In this section, let's consider the configurable behavior of automatic actions/notifications for the launched runs that are being in "idle" or "under pressure" state for a long time.

The following view of high-level metrics information for the Active Runs is implemented:

  • CP_AutomaticActions - this auxiliary label is shown when node's CPU consumption is lower than a certain level, defined by the admin.

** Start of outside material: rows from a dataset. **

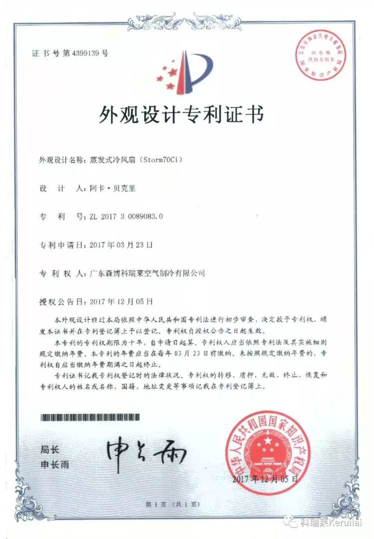 近期,科瑞萊冷風(fēng)扇產(chǎn)品"風(fēng)暴"憑借精美的外觀和優(yōu)良的品質(zhì),榮獲國家知識(shí)產(chǎn)權(quán)局頒發(fā)的外觀設(shè)計(jì)專利證書。
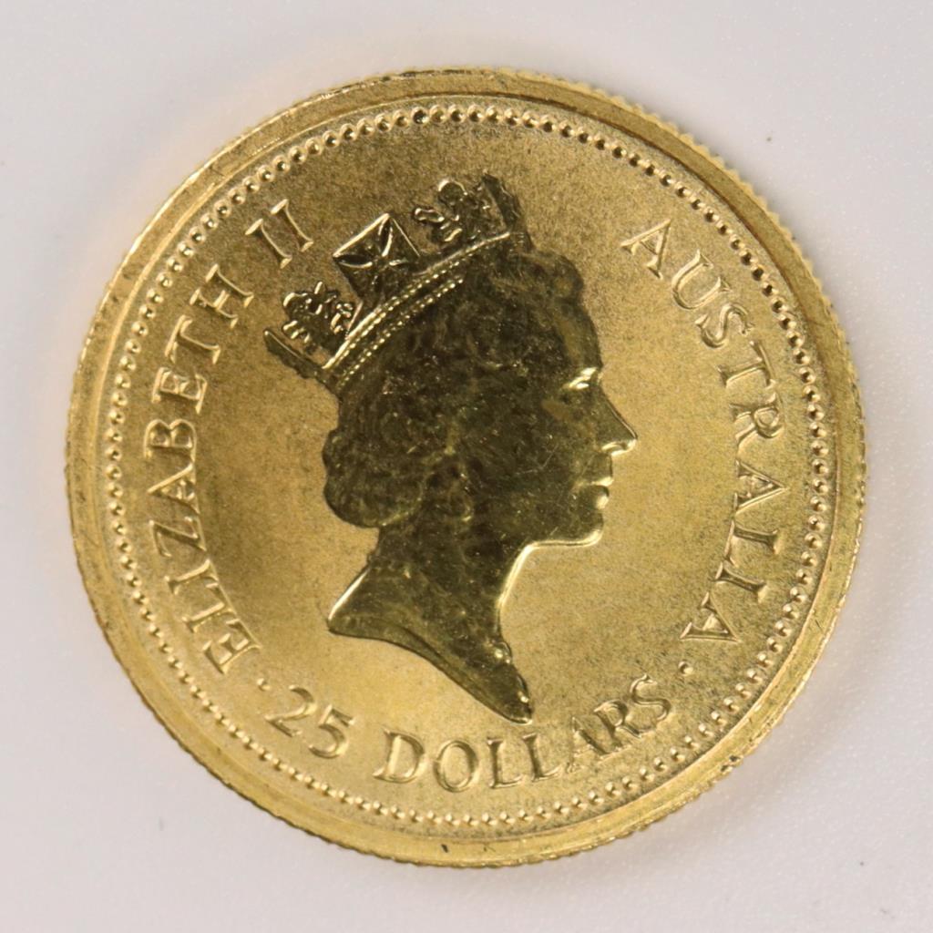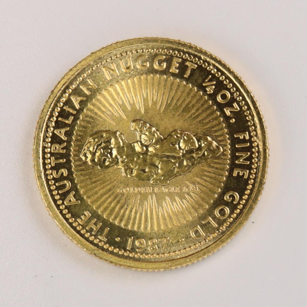 1987 Australian Golden Eagle Nugget Fine Gold 25 Dollar 1/4 Oz. Coin
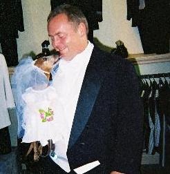 Sadie (Shay Shay or Shay Shay May) was the third doxie in my wife's life and second in mine. As I mentioned earlier, Shay Shay May adopted me immediately. I found the wedding dress a few months before Stef made the mistake of her life, and was bent on surprising her. This picture was taken on the day before our wedding at my final tux fitting. I kid you not, Shay Shay is and was a show stealer. As soon as I picked her up after dressing her in her gown, she planted a sloppy wet one on me. Unfortunately the tux girl caught my last single man's kiss on camera. Shay Shay is the grand dame of our house. She is currently 12 years old. She runs the ranch with an iron paw. In her mature years, she likes to sun and sleep, but still gets excited for romps on the beach.
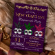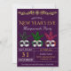 In dieser eleganten Silvesternacht-Party Einladung mit wunderschönen Maskenmasken mit moderner Typografie vor einem lila Hintergrund laden Sie Ihre Gäste ein. Fügen Sie einfach Ihre Veranstaltungsdetails zu dieser einfach zu bedienenden Vorlage hinzu, um sie zu einer einmaligen Einladung zu machen. Dreh die Karte um, um ein lila und weißes Streifen-Muster auf der Kartenrückseite zu erkennen.
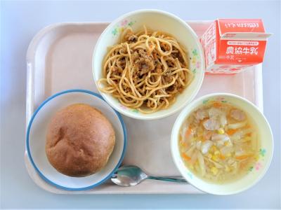 はいがバンズ、夏野菜のミートソーススパゲティ、コンソメスープ、牛乳

This label should attract the users attention cause such run may produce extra costs.
  • CP_AutomaticActions - this auxiliary label is shown when node's Memory/Disk consumption is higher than a certain level, defined by the admin. This label should attract the users attention cause such run may accidentally fail.

These labels are displayed:

  • at the Runs page
    CP_AutomaticActions
  • at the Run logs page
    CP_AutomaticActions
  • at the main dashboard (the ACTIVE RUNS panel)
    CP_AutomaticActions

If a user clicks that label from the Runs or the Run logs page the Cluster node Monitor will be opened to view the current node consumption.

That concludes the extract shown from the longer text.